In machine learning, a classifier assigns a class label to a data point. For example, an image classifier produces a class label (e.g, bird, plane) for what objects exist within an image. A convolutional neural network, or CNN for short, is a type of classifier, which excels at solving this problem!
在机器学习中,分类器为数据点分配一个类标签。例如,图像分类器会为图像中存在的物体生成一个类标签(如鸟、飞机)。卷积神经网络(简称 CNN)是分类器的一种,擅长解决这一问题!

A CNN is a neural network: an algorithm used to recognize patterns in data. Neural Networks in general are composed of a collection of neurons that are organized in layers, each with their own learnable weights and biases. Let’s break down a CNN into its basic building blocks.
CNN 是一种神经网络:一种用于识别数据模式的算法。一般来说,神经网络由神经元集合组成,神经元按层排列,每个神经元都有自己的可学习权重和偏置。让我们将 CNN 分解为各个基本构件。

  1. A tensor can be thought of as an n-dimensional matrix. In the CNN above, tensors will be 3-dimensional with the exception of the output layer.
    张量可以看作一个 n 维矩阵。在上述 CNN 中,除了输出层之外,张量都是三维的。
  2. A neuron can be thought of as a function that takes in multiple inputs and yields a single output. The outputs of neurons are represented above as the redblue activation maps.
    神经元可以看作是一个接收多个输入并产生一个输出的函数。神经元的输出用红色 → 蓝色激活图表示。
  3. A layer is simply a collection of neurons with the same operation, including the same hyperparameters.
    层只是具有相同操作(包括相同超参数)的神经元的集合。
  4. Kernel weights and biases, while unique to each neuron, are tuned during the training phase, and allow the classifier to adapt to the problem and dataset provided. They are encoded in the visualization with a yellowgreen diverging colorscale. The specific values can be viewed in the Interactive Formula View by clicking a neuron or by hovering over the kernel/bias in the Convolutional Elastic Explanation View.
    虽然每个神经元的内核权重和偏置都是独一无二的,但它们在训练阶段会进行调整,使分类器能够适应所提供的问题和数据集。它们在可视化中以黄色→绿色的发散色标进行编码。具体数值可在交互式公式视图中点击神经元查看,或在卷积弹性解释视图中将鼠标悬停在内核/偏置上查看。
  5. A CNN conveys a differentiable score function, which is represented as class scores in the visualization on the output layer.
    CNN 传递一个可变的分数函数,在输出层的可视化中表示为类分数。

If you have studied neural networks before, these terms may sound familiar to you. So what makes a CNN different? CNNs utilize a special type of layer, aptly named a convolutional layer, that makes them well-positioned to learn from image and image-like data. Regarding image data, CNNs can be used for many different computer vision tasks, such as image processing, classification, segmentation, and object detection.
如果你以前学过神经网络,这些术语可能听起来很熟悉。那么,是什么让 CNN 与众不同呢?CNN 利用一种特殊类型的层,恰如其分地命名为卷积层,这使得 CNN 能够很好地学习图像和类似图像的数据。在图像数据方面,CNN 可用于许多不同的计算机视觉任务,如图像处理、分类、分割和物体检测。

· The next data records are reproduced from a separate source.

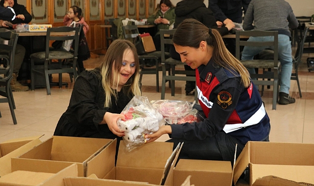 Jandarma personelinin ve down sendromlu çocukların ailelerinin katkılarıyla toplanan yaklaşık 400 oyuncak, 120 plastik top ile 80 ayakkabı deprem bölgesindeki çocuklara gönderildi.
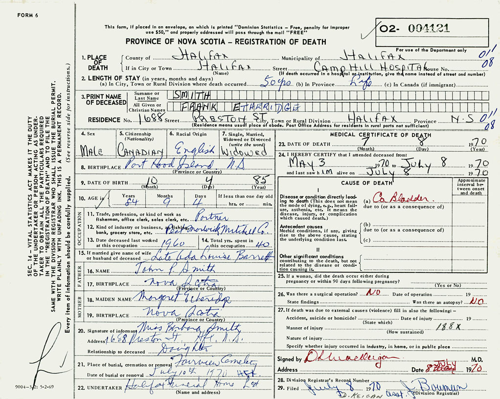 PROVINCE OF NOVA SCOTIA — REGISTRATION OF DEATH
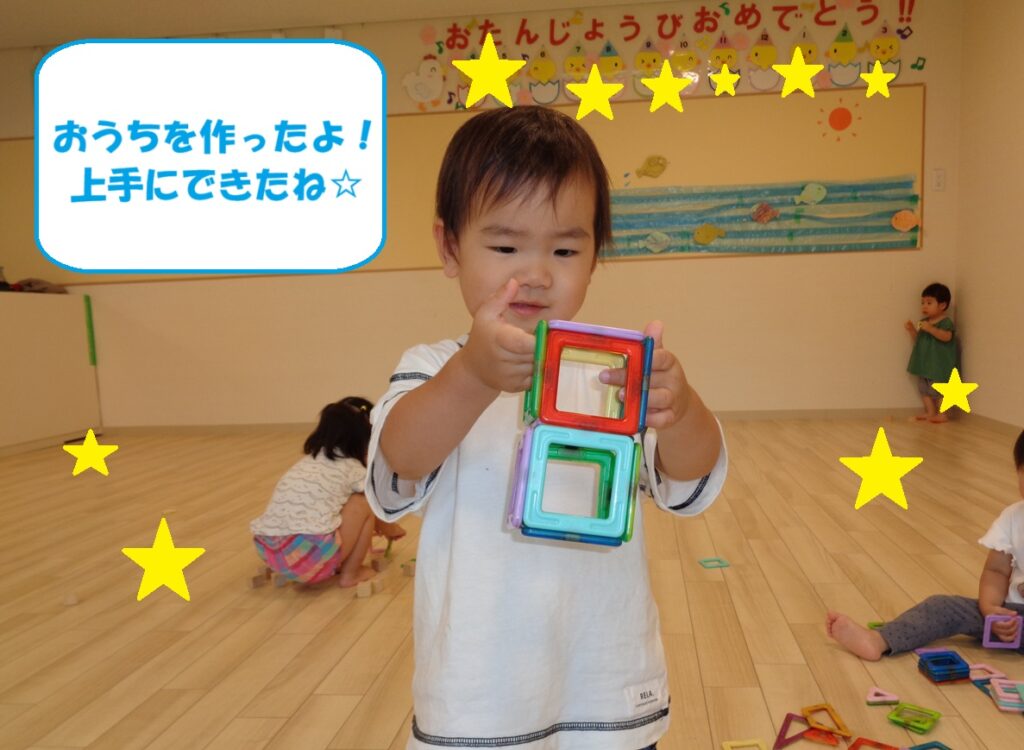 自由遊びの時間にも三角や四角などのいろんな形の磁石のおもちゃで想像力を働かせて遊ぶ姿があります。
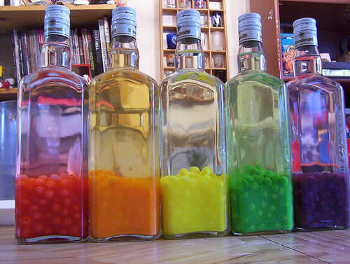 Dar a cada botella una buena sacudida para iniciar el proceso de disolución. Debería ver el líquido comienza a color relativamente rápidamente.

In CNN Explainer, you can see how a simple CNN can be used for image classification. Because of the network’s simplicity, its performance isn’t perfect, but that’s okay! The network architecture, Tiny VGG, used in CNN Explainer contains many of the same layers and operations used in state-of-the-art CNNs today, but on a smaller scale. This way, it will be easier to understand getting started.
在 CNN Explainer 中,您可以看到如何使用简单的 CNN 进行图像分类。由于网络的简单性,它的性能并不完美,但这没有关系!CNN Explainer 中使用的网络架构 Tiny VGG 包含许多与当今最先进的 CNN 相同的层和操作,但规模较小。这样,它将更容易理解和入门。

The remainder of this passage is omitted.